ASIA'S ECONOMIC powerhouse Japan and its biggest emerging market China have signalled they remain ready to bring their resources to bear as part of global efforts to contain the worst financial crisis in decades.
Japan, the world's second-biggest economy, is reeling from the steepest plunge in business confidence in over 30 years, but it has precious little room to manoeuvre on interest rates as they are already edging close to zero at 0.3 per cent.
Meanwhile China, the world's fourth-biggest economy, has managed to escape recession so far but there are growing fears that it may see a sharper slowdown than previously expected. The fiscal battle is on to make sure that the landing is not too hard, and the government is reaching for its armoury of fiscal stimulus programmes and aggressive interest rate cuts.
The Bank of Japan meets at the end of this week and it is possible it will make a move, similar to one it did a few years back when the economy seized up, called quantitative easing, which basically means flooding the banks with money at zero-interest in order to breathe life into stagnant lending markets and give the economy a boost. The central bank cut rates by 0.2 percentage points in October.
Fears in Japan are that the recession will be the worst since the economic bubble burst in the 1990s. Bank of Japan governor Masaaki Shirakawa even harkened back to a grimmer time than that, the Great Depression.

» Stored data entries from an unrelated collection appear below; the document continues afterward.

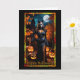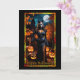 Esta impresionante tarjeta de Halloween muestra una imagen cautivadora de una mujer vestida con un elegante disfraz de gato negro, que representa el encanto y el misterio de la temporada. La mujer se mantiene confiada bajo el resplandor de una luna llena, rodeada de brillantes lámparas jack-o' y vibrante follaje otoñal. Su maquillaje, con rasgos afilados como un gato, agrega una capa extra de intriga a su ya sorprendente apariencia. El fondo, con un ambiente oscuro y evocador y una mansión espeluznante de silueta, se completa perfectamente con el tema general.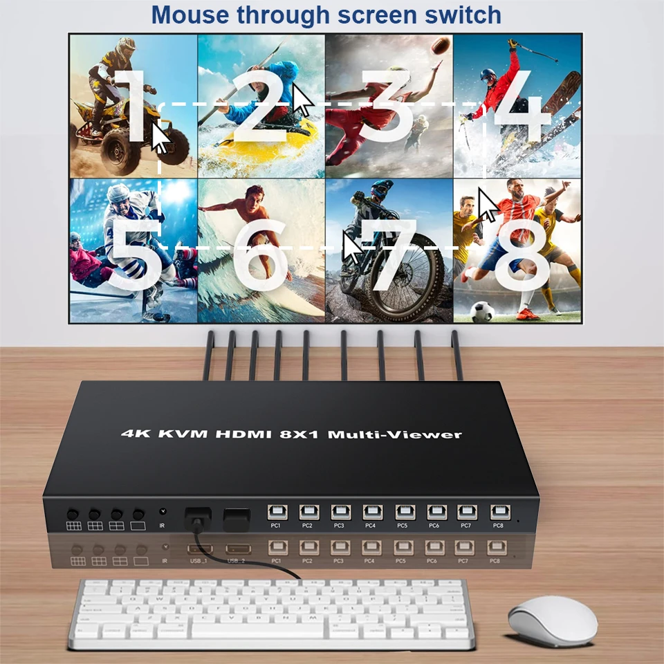 4K HDMI-compatible KVM Multiviewer 8x1 1080P Quad Screen Multi Viewer HDMI Multi-Viewer Splitter Conmutador sin costuras con IR para PC a HDTV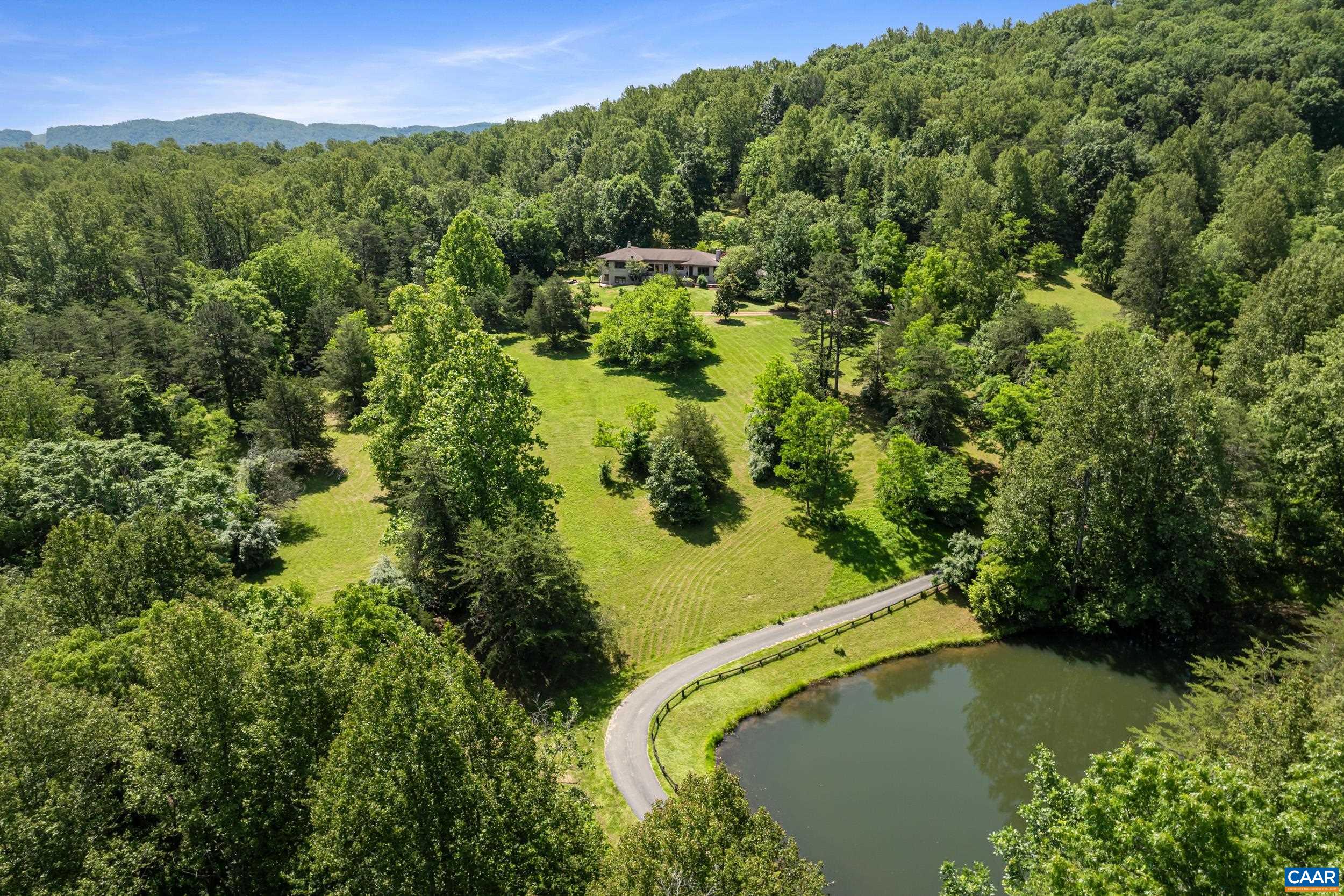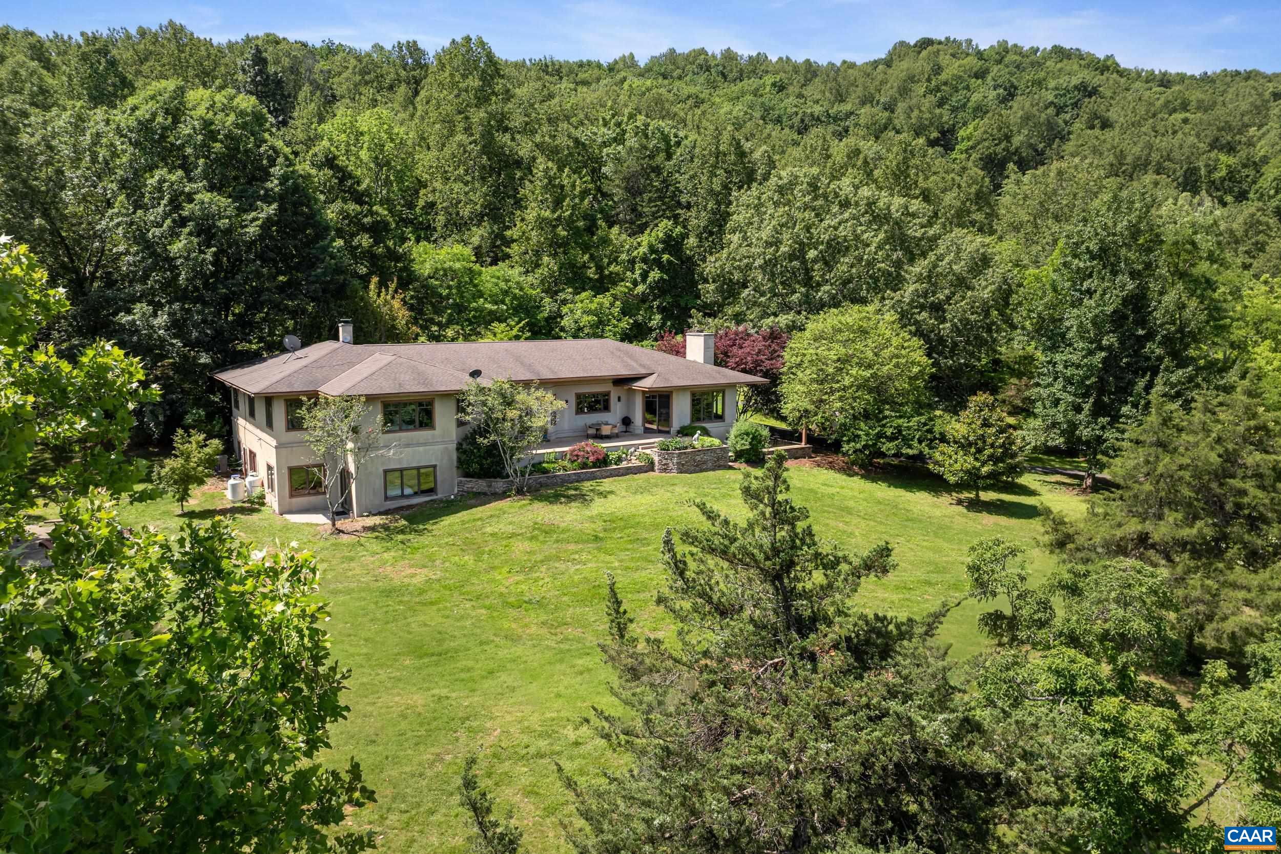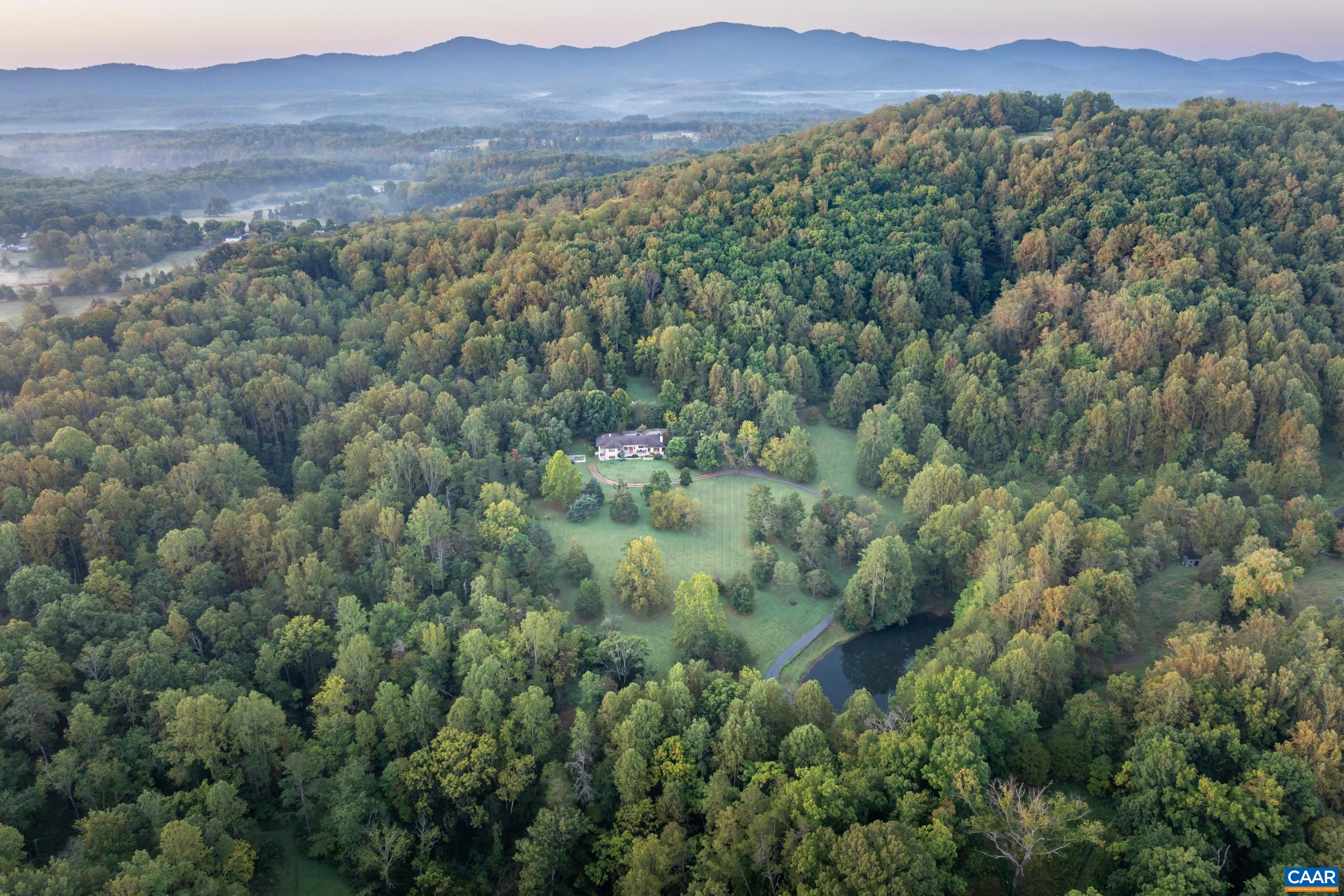 Set against the backdrop of Yellow Mountain, this tucked away 24-acre sanctuary offers the ultimate blend of elegance and convenience. Just minutes from Crozet and Charlottesville, this custom built residence was designed by architect Dawn Rowe to frame SWEEPING YEAR-ROUND MOUNTAIN VIEWS and is crafted with gorgeous cherry woodwork, built-ins and cabinetry coupled with refined architectural details and an outstanding floor plan. Blue Ridge views from every Western facing window! MAIN LEVEL LIVING with versatile spaces including dedicated home office and terrace-level guest quarters with private entrance, rec room, 2 bedrooms and baths, kitchenette plus fabulous storage. Ideally set up for 2+ generations. Quiet, efficient geo-thermal HVAC system. Expansive invisible fence. Approximately 1/3 of the acreage is open. Glorious patio with soothing water feature, elevated fire pit area and stream-fed pond create an idyllic setting for entertaining, recharging and making memories. Whether hosting weekend gatherings or enjoying the region’s wineries, hiking trails or sporting events, this estate embodies the VERY BEST of Western Albemarle. See documents for full list of features and improvements.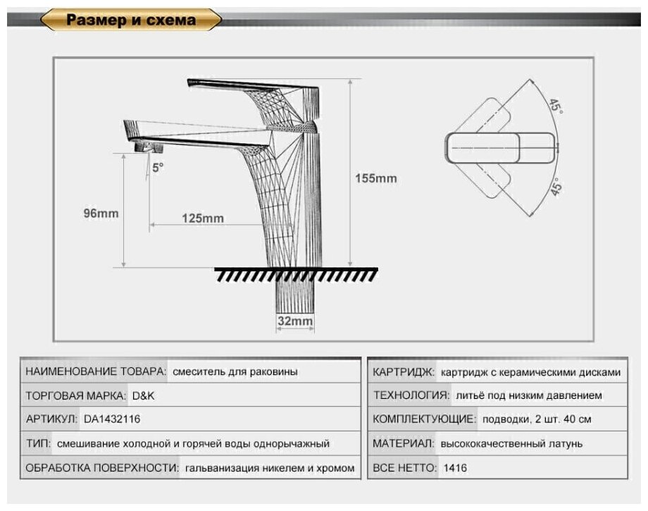 D&K Смеситель для раковины D&K Berlin Technishe DA1432115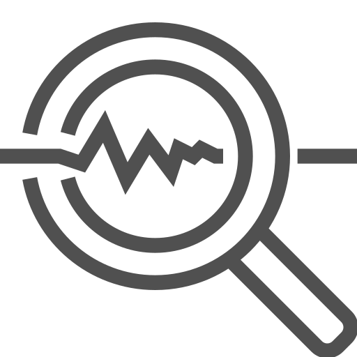 outline simple icon: analytics, chart, data analysis, magnifying glass, search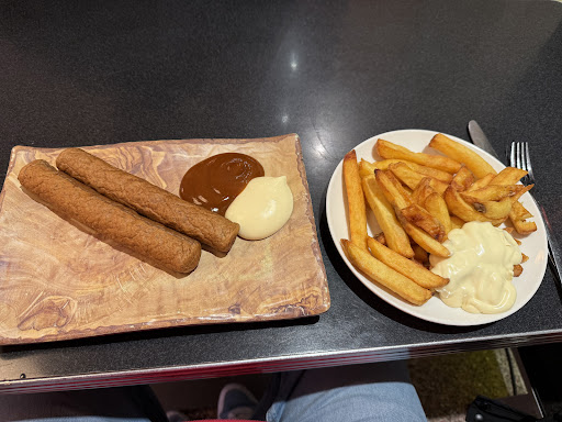 De frieten (we noemen dat geen patat 😱) zijn echt lekker. Evenals de nasibal. Bestelling was precies op tijd klaar op het tijdstip aangegeven in de app. Tot zover de lofzang. Cheeseburger op een broodje dat eigenlijk nog afgebakken had moeten worden. Friet was best wel zout, voor mij geen probleem maar is niet voor iedereen. Had een bakje warm vlees besteld maar kreeg een broodje warm vlees waarbij het broodje eigenlijk alleen maar pap was. Hotdog met de saus bovenop het broodje ipv ertussen. Maar het aller aller ergste… een frikandel speciaal zonder inkeping gebakken en de saus er gewoon half naast tegenaan in het bakje geplemd. De persoon die dat doet zou nooit meer een snackbarkeuken van binnen mogen zien! Het was ook wel goed aan de prijs allemaal dus ik zou iets meer moeite verwachten. De derde ster is echt alleen voor de...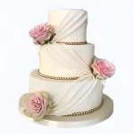 Этот свадебный торт словно соткан из нежных розовых лепестков. Три яруса, покрытые гладкой мастикой, украшены объемными розами, которые будто только что расцвели. Переливы персикового и кремового оттенков создают ощущение тепла и нежности. Каждый цветок тщательно проработан, добавляя торту изысканности и романтики. Легкие золотые акценты подчеркивают торжественность момента, делая этот торт настоящим украшением свадьбы.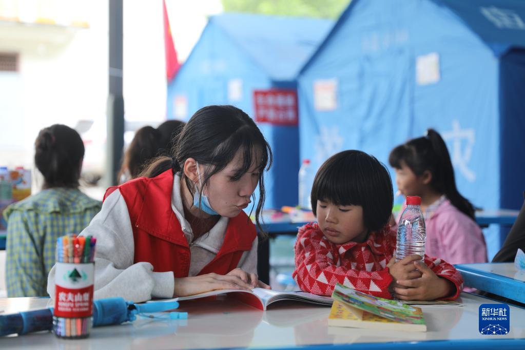 四川省甘孜州瀘定縣6.8級地震發(fā)生后,在雅安市石棉縣的臨時(shí)安置點(diǎn)里,老師和志愿者帶領(lǐng)孩子們學(xué)習、畫(huà)畫(huà)、做游戲,在這個(gè)特殊時(shí)期安撫和陪伴他們。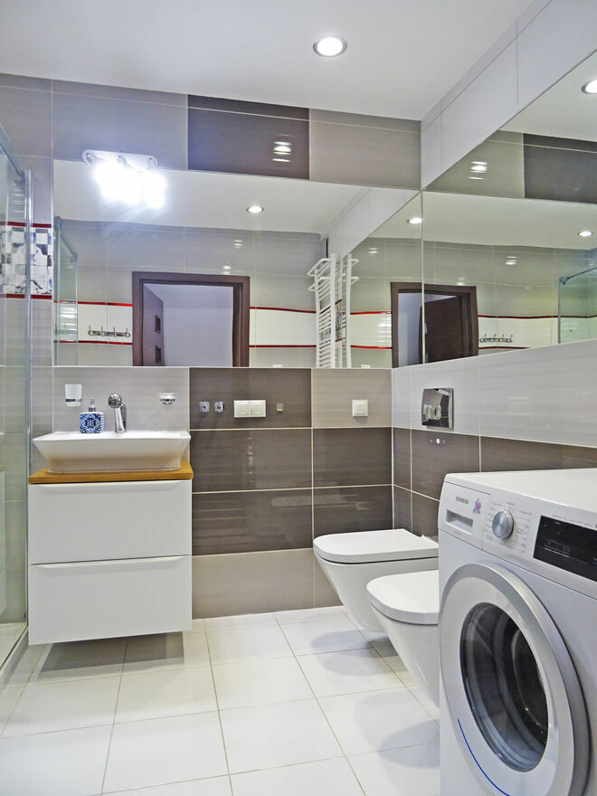 Łazienka – glazura na posadzce i ścianach, duży prysznic, zlew + szafka, toaleta, bidet, zestawy podtynkowe, suszarka Candy, pralka Siemens

"The last time the world economy was in severe conditions was 1929 and the years that followed. Things are not completely the same today, but we can say it is in the severest conditions since then," he told parliamentarians, while pledging "appropriate action".
There have been reports that the Japanese central bank was considering buying commercial paper directly from companies to ease their funding crunch.
In China, there are fears of the worst growth in two decades as the slowdown deepens before a 4 trillion yuan (€426 billion) stimulus package announced last month kicks in.
The Chinese central bank has reduced the one-year lending rate to 5.58 per cent from 7.47 per cent in September and dropped quotas limiting lending by banks.
China's capital spending rose close to 27 per cent in the first 11 months of 2008 over a year earlier, but slowing from the first 10 months, prompting fears of a sudden slowdown.
Spending on factories and real estate rose 26.8 per cent in the first 11 months from a year earlier, down from a 27.2 per cent gain through October, the statistics bureau said today.
The data added to news last week that its trade surplus swelled to a record in November, but exports and imports unexpectedly shrank, industrial output grew the least since 1999 in November and sluggish demand globally and domestically pushed inflation down sharply, raising the risk of deflation.